Paul aurait eu une révélation sur le chemin de Damas. Qu'est-ce qu'une révélation, au sens "commun" du terme et non au sens théologique ou religieux qui échappe aux non-spécialistes que sont la plupart des chrétiens ?

Je voudrais pour ma part procéder par une comparaison, très humaine, non pour amoindrir en quelque manière la portée d'une révélation, mais pour en mesurer toute la dimension, voire même le mystère :

Un jeune homme et une jeune fille se rencontrent, se parlent, s'écoutent, se revoient, cessent momentanément de se voir, vont chacun leur vie. Un jour, un soir, un matin, un petit déclic dans un des cœurs se manifeste. Oh ! peu de chose. On y pense beaucoup, on oublie, on essaye d'oublier, mais le souvenir persiste. Et l'autre, sans déclic, peu à peu se rend compte qu'il se passe quelque chose, confusément. Bref, un beau jour, c'est l'embrasement de l'un, de l'autre, ou des deux cœurs. Cela peut prendre du temps (ce fut mon cas) et puis finalement, d'un côté ou de l'autre, voire des deux, le coup de foudre : comme Paul tiens ! N'est-ce pas une révélation, ce moment inoubliable, indescriptible ? Si on n'est pas terrassé par l'amour, on est bouleversé, radicalement changé : l'autre devient plus sacré que soi-même.

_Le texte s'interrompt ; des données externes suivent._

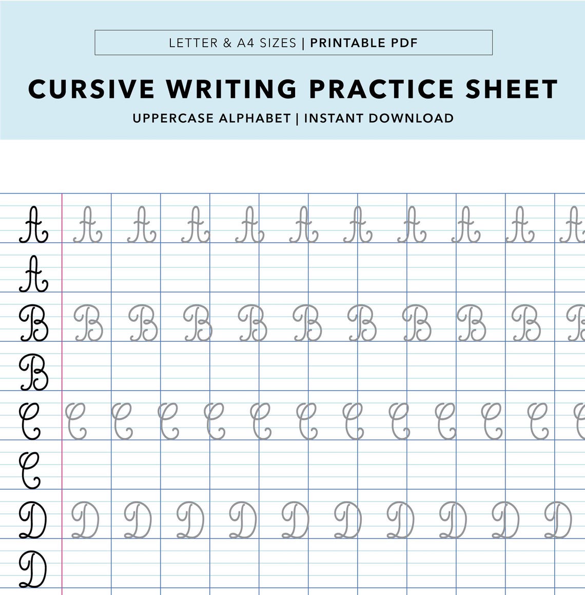 Cursive Writing Practice Sheet: Uppercase Alphabet, French Ruled Paper ...

Je ne puis croire que Dieu se révèle à l'homme sans que celui-ci consente et recherche cette relation dans un échange libre et conscient. Évitons de cultiver le merveilleux des initiatives "divines" qui trompent l'homme et le méprisent au point de ne lui accorder aucun crédit en magnifiant ce Dieu omnipotent, souverain juge et maître qui daigne se pencher sur l'éternelle misère humaine !

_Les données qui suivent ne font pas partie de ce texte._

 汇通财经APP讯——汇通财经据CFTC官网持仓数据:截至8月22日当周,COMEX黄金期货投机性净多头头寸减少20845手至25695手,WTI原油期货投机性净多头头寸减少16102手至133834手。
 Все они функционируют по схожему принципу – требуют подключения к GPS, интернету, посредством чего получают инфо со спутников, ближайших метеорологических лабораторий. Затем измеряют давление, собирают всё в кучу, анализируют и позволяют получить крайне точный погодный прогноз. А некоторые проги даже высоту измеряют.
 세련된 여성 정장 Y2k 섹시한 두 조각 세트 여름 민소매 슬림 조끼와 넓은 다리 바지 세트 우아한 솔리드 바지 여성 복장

Une révélation, n'est-ce pas le phénomène des yeux qui s'ouvrent à une réalité non perçue auparavant et, singulièrement, le retournement radical dans l'échange entre personnes, sans l'écrasement de l'une ou de l'autre, dans la particularité d'une relation privilégiée par quelque chose de plus que le quotidien, que le banal ? Non, il n'y a pas de terreur, de tyrannie, de volonté dominante dans la révélation ; il n'y a que de l'amour, de l'amitié, de l'échange, du partage.

Aujourd'hui, nous n'avons pas à être des Paul terrassés par la lumière de la révélation car nous pouvons, par notre vie, notre recherche, notre ouverture, notre accueil, découvrir peu à peu la personne de Jésus et y découvrir ce qu'elle peut avoir à nous dire. D'ailleurs, n'êtes-vous pas persuadés, comme moi, qu'avant Damas Paul a beaucoup cherché, réfléchi, écouté, entendu ? Sa persécution des premiers chrétiens n'est-elle pas l'indice d'une angoisse devant la foi nouvelle et vivante de juifs "convertis" qui mettaient en péril la pérennité du judaïsme traditionnel ? Aurait-il été si virulent s'il avait été un tiède que les questions religieuses laissaient indifférent ? N'était-il pas en recherche persévérante d'authenticité religieuse pour en arriver à une telle extrémité ?

Je pense que nous n'avons pas à attendre ou espérer pour nous un chemin de Damas, et que Pierre, Paul ou tout autre n'ont pas eu plus de chance que nous en avons. Bien sûr, toute la question est de savoir dans quelle mesure nous sommes sensibles à l'amour, à la relation vraie et enrichissante, comme ces amoureux que nous évoquions ci-dessus. Il faut encore croire aux réalités de la relation pure de tout intérêt, à l'amitié et à l'amour, aux découvertes que les échanges engendrent quand on est fidèle à soi-même et aux autres. Il faut encore être capable de s'émerveiller des beautés naturelles et spirituelles de ce monde.